So in the history of sort of engineering, particularly sort of AI-like systems, there's generally a first phase where everything is built by hand. Then there is a second phase, and that was the case for autonomous driving, you know, 20, 30 years ago. There's a phase where there's a little bit of learning is used, but there's a lot of engineering that's involved in kind of, you know, taking care of corner cases and putting limits, et cetera, because the learning system is not perfect.

And then as technology progresses, we end up relying more and more on learning. That's the history of character recognition, the history of speech recognition, now computer vision, natural language processing. And I think the same is going to happen with autonomous driving, that currently the methods that are closest to providing some level of autonomy, some, you know, decent level of autonomy, where you don't expect a driver to kind of do anything, is where you constrain the world.

So you only run within, you know, a hundred square kilometers or square miles in Phoenix, but the weather is nice and the roads are wide, which is what Waymo is doing. You completely over-engineer the car with tons of lidars and sophisticated sensors that are too expensive for consumer cars, but they're fine if you just run a fleet.

And you engineer the thing, the hell out of the everything else. You map the entire world, so you have complete 3D model of everything.

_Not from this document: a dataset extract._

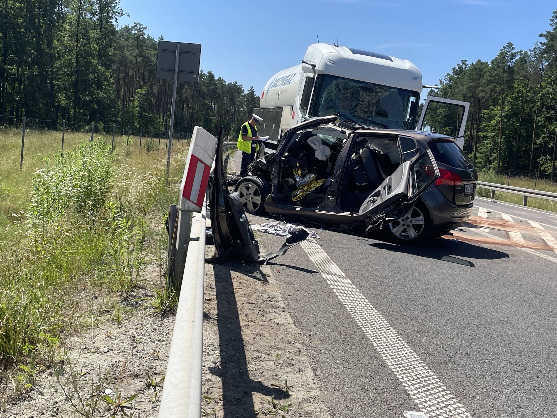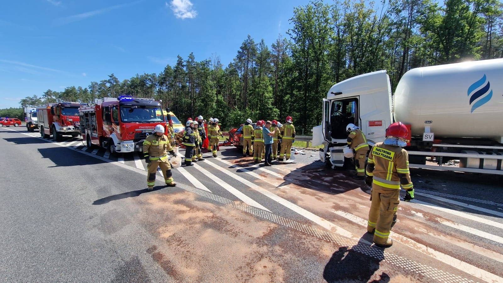 Do zdarzenia doszło w poniedziałek, 30 czerwca tuż przed godziną 10.00 rano. Wstępnie wszystko wskazuje na to, że kierujący samochodem osobowym Kia, zjechał na przeciwległy pas ruchu, wówczas doszło do czołowego zderzenia z ciągnikiem siodłowym przewożącym ładunek gazu.

So the only thing that the perception system has to take care of is moving objects and construction and sort of, you know, things that weren't in your map.

And you can engineer a good, you know, SLAM system and all that stuff, right? So that's kind of the current approach that's closest to some level of autonomy. But I think eventually the long-term solution is going to rely more and more on learning and possibly using a combination of self-supervised learning and model-based reinforcement or something like that.